Cuando pensábamos que arrestarían a la puerta por no abrirse, los soldados que estaban de imaginaria fueron considerados culpables y llevados al calabozo esa misma noche. También esa noche el sargento desapareció de nuestra vista durante dos semanas, durante las cuales el capitán no dejó de recordarnos que estaba cabreado y que nosotros, por simpatía, debíamos estarlo. Para ello no cejó en su empeño de hacernos sudar tinta china hasta conseguir que por nuestras bocas saliesen todo tipo de improperios

Mientras, el cabo primero hizo las funciones de sargento no teniendo que llevar la base de la ametralladora. Ésta le fue adjudicada al experimentado Alejo que, para la ocasión, compuso estos versos: «Cuando suene la generala / la imaginaria esté atenta / que vayan como una bala / a derribar esa puerta. / Ya salió nuestro sargento / y aprovechando el momento /  dio al capitán un abrazo / sin esperar un rechazo. / Ya se fue nuestro sargento / el primero ocupa su puesto / yo sustituyo al primero / cargando un peso ligero.»

Radio Macuto difundió la noticia por todo el cuartel.

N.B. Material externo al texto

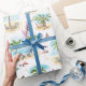 Este papel de embrulho de Natal tropical festivo apresenta um padrão de cenas de praia de férias com palmeiras decoradas com cordas coloridas e cadeiras de praia olhando para a água, intercaladas com flamingos cor-de-rosa em chapéus de Santa, e gaivotas entadas em estacas decoradas.

Los versos no vieron la luz porque Alejo tuvo que elegir entre divulgarlos o subir a la compañía de destinos. Se conformó con enviárselos a María en lugar de los de Gerardo Diego que tenía preparados; éstos sí los firmó asegurando, orgulloso de sí mismo, que eran suyos.

Por cierto, durante una semana estuvo asistiendo a casa del capitán junto con Virgilio, tomó buena nota de lo que quería la señora y cómo lo quería, estuvo llevando dos de los huertos y se encargó de cortar los setos; en esto último reconoció su bisoñez. Tras esta semana Virgilio le dijo que la señora se lo estaba pensando y se cuidó de darle esperanza. Alejo volvió al pesimismo, esta vez más justificado por los últimos acontecimientos.